### Action item
For the material below, the expected output is exactly the lines between the line holding "Ankara’da akşam saatlerinde" and the line holding "Выступление кандидата в", inclusive, with pictures left out.

### Records shown
##############################
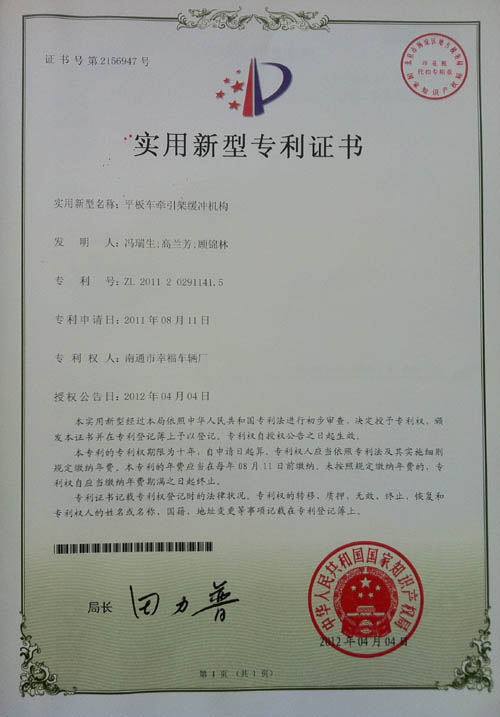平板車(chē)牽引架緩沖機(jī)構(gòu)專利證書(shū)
##############################
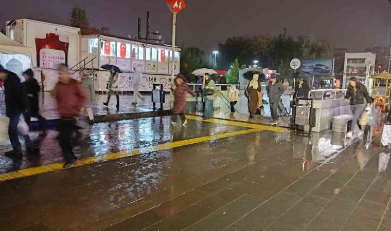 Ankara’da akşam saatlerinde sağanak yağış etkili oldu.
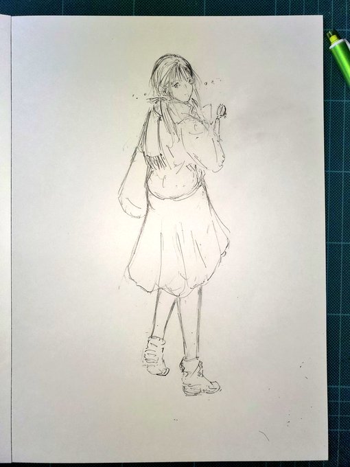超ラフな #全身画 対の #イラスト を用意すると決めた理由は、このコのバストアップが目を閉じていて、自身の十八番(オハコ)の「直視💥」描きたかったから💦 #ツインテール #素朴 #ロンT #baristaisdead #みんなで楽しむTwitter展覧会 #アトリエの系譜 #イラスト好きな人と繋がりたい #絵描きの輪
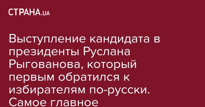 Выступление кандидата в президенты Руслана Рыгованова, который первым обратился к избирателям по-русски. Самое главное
##############################
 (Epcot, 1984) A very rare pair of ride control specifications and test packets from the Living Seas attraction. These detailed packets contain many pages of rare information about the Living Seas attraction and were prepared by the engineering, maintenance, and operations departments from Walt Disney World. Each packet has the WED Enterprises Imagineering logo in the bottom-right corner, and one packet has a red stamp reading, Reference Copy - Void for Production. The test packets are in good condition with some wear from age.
##############################
### Reply
 Ankara’da akşam saatlerinde sağanak yağış etkili oldu.
超ラフな #全身画 対の #イラスト を用意すると決めた理由は、このコのバストアップが目を閉じていて、自身の十八番(オハコ)の「直視💥」描きたかったから💦 #ツインテール #素朴 #ロンT #baristaisdead #みんなで楽しむTwitter展覧会 #アトリエの系譜 #イラスト好きな人と繋がりたい #絵描きの輪
 Выступление кандидата в президенты Руслана Рыгованова, который первым обратился к избирателям по-русски. Самое главное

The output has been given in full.